When your Linux server suddenly becomes unreachable from the internet for brief periods, and ip neigh show
displays a "FAILED" state for your gateway, you're likely dealing with an ARP resolution issue. This typically means your server couldn't resolve the MAC address of the gateway (192.168.14.1 in your case) through ARP requests.
Linux neighbor cache (ARP cache) entries can be in several states:
REACHABLE - Valid and reachable address
STALE - Valid but potentially unreachable
DELAY - Probe in progress
PROBE - Actively verifying reachability
FAILED - Unreachable after maximum attempts
- Gateway not responding to ARP requests
- Network congestion causing packet loss
- Incorrect network configuration
- Hardware issues (faulty NIC or switch)
- Firewall blocking ARP traffic
To gather more information about the issue:
# Monitor ARP traffic
sudo tcpdump -i eth0 arp
# Check kernel ARP parameters
sysctl -a | grep arp
# Continuous neighbor cache monitoring
watch -n 1 ip -s neigh show
1. Adjust ARP timeout parameters:
sudo sysctl -w net.ipv4.neigh.default.gc_stale_time=60
sudo sysctl -w net.ipv4.neigh.default.base_reachable_time_ms=30000
2. Add a static ARP entry for the gateway:
sudo ip neigh add 192.168.14.1 lladdr 00:22:64:b6:10:5c nud permanent dev eth0
3. Check for duplicate IP addresses:
arping -D -I eth0 -c 2 192.168.14.1
Create a script to monitor and log neighbor cache issues:
#!/bin/bash
LOG_FILE="/var/log/neighbor_monitor.log"
GATEWAY_IP="192.168.14.1"
check_gateway() {
status=$(ip neigh show | grep "$GATEWAY_IP" | awk '{print $NF}')
if [ "$status" = "FAILED" ]; then
echo "$(date) - Gateway $GATEWAY_IP in FAILED state" >> $LOG_FILE
# Attempt to restore connectivity
ip neigh flush dev eth0
fi
}
while true; do
check_gateway
sleep 5
done
If the issue persists, you might need to examine kernel logs:
dmesg | grep -i arp
journalctl -k --grep="neigh"
Look for messages like "neighbour: arp_cache: neighbor table overflow" which might indicate you need to increase the ARP cache size.

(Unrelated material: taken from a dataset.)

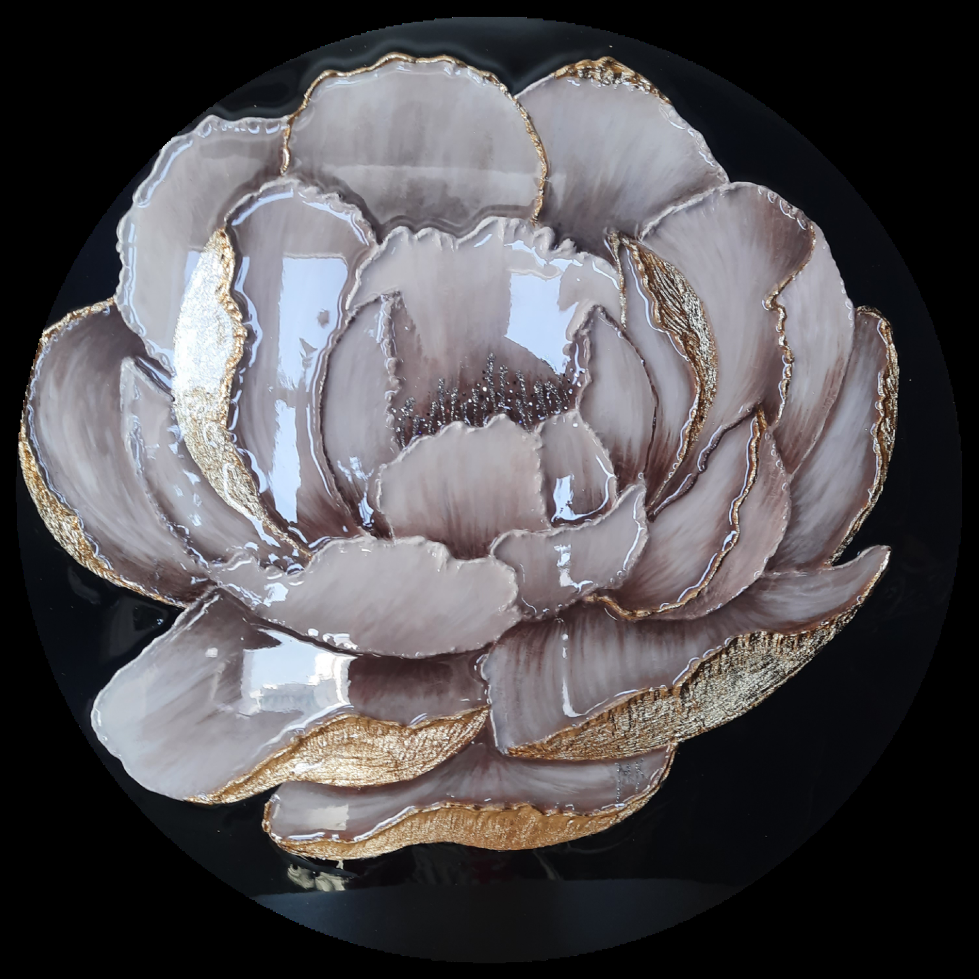 Элитная ручная работа. Выполнена акриловыми красками в технике 3d заливки эпоксидной смолой. Глубокий черный фон выгодно оттеняет нежные пастельные тона пышного пиона. Золотая поталь красиво подчёркивает воздушные лепестки,создавая солнечное мерцание. Текстурная паста позволяет насладиться натуралистичностью цветка. Роскошные стразы создают сказочную глубину и радужное сияние в сердце пиона. Символизирует красоту природы и её гармонию. Выполнена на артборде. Идеально подойдет для интерьера в стиле ар-деко или модерн. Прекрасно подчеркнет богатство и особенность Вашего интерьера.

Remember that in some environments (particularly cloud providers), ARP behavior might be intentionally modified by the hypervisor or network infrastructure.
When examining the output of ip neigh show
(or the older arp -n
command), seeing a "FAILED" state indicates that the system couldn't complete the Address Resolution Protocol (ARP) process for that particular IP address. In your case, since this appears against your gateway (192.168.14.1), it suggests temporary communication breakdowns between your server and the default route.
# Example of problematic output:
192.168.14.1 dev eth0 FAILED
- Network congestion causing ARP packet loss
- Gateway firewall blocking ARP requests
- Hardware issues in switches or routers
- MAC address changes (common in HA environments)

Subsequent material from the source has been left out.